Jezus wordt gegeseld

Pilatus spreekt: het is bij u de gewoonte, dat er op het Paasfeest iemand wordt vrijgelaten. Wie zullen we in vrijheid stellen: Barabbas - een dief, die met anderen wegens moord gevangen is genomen - of Jezus? (Mt. 27, 17). Laat Deze sterven en bevrijd Barabbas, schreeuwt het volk, aangespoord door zijn leiders (Lc. 23, 18).

Pilatus spreekt opnieuw: Wat zal ik dan doen met Jezus, die de Christus wordt genoemd? (Mt. 27, 22). - Crucifige eum! - Kruisig Hem! (Mc. 15, 14).

Pilatus zegt voor de derde maal: Wat voor kwaad heeft Hij dan gedaan? Ik vind in Hem niets dat de doodstraf rechtvaardigt (Lc. 23, 22).
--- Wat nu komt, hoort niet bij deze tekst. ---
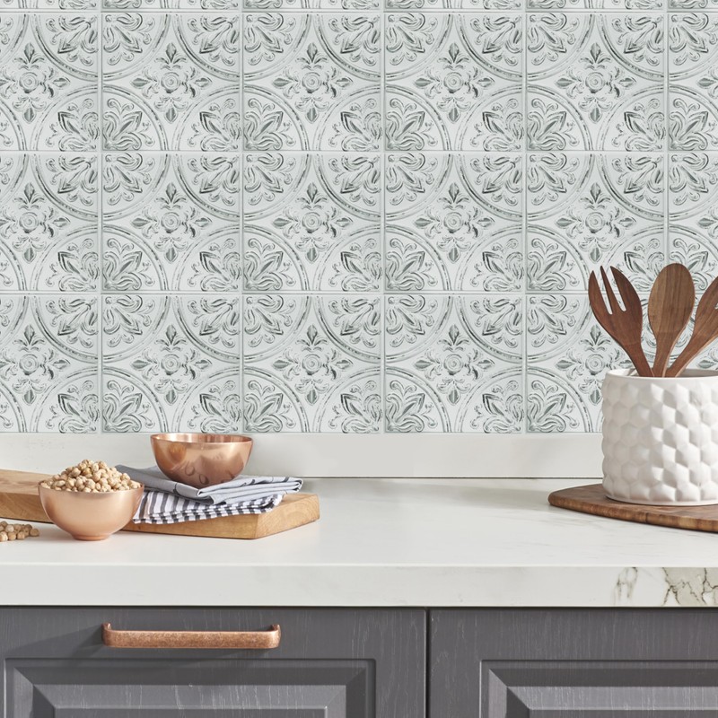 RoomMates TIL4623FLT StickTiles White Tin Peel and Stick Tile Backsplash, 10.5 inch x 10.5 inch, 4 Count (Pack of 1)

De menigte schreeuwt nog harder: Kruisig Hem, kruisig Hem! (Mc. 15, 14).

En Pilatus, die het volk tevreden wil stellen, laat Barabbas vrij en geeft bevel om Jezus te geselen.

Vastgebonden aan de geselpaal. Overdekt met wonden.

Je hoort de zweepslagen op zijn open vlees; op zijn smetteloos vlees dat lijdt voor jouw zondig vlees. - Nog meer slagen. Nog meer woede. Nog meer… Het is het toppunt van menselijke wreedheid.

Tenslotte, uitgeput, maken ze Jezus los. - En het lichaam van Christus, dat ook uitgeput is, bezwijkt onder de pijn en valt, als een worm, gebroken en half dood.

Jij en ik zijn niet in staat om te spreken. - Woorden zijn niet nodig. - Kijk naar Hem, kijk naar Hem… lang.

Zul jij, na dit alles, ooit kunnen opzien tegen boetedoening?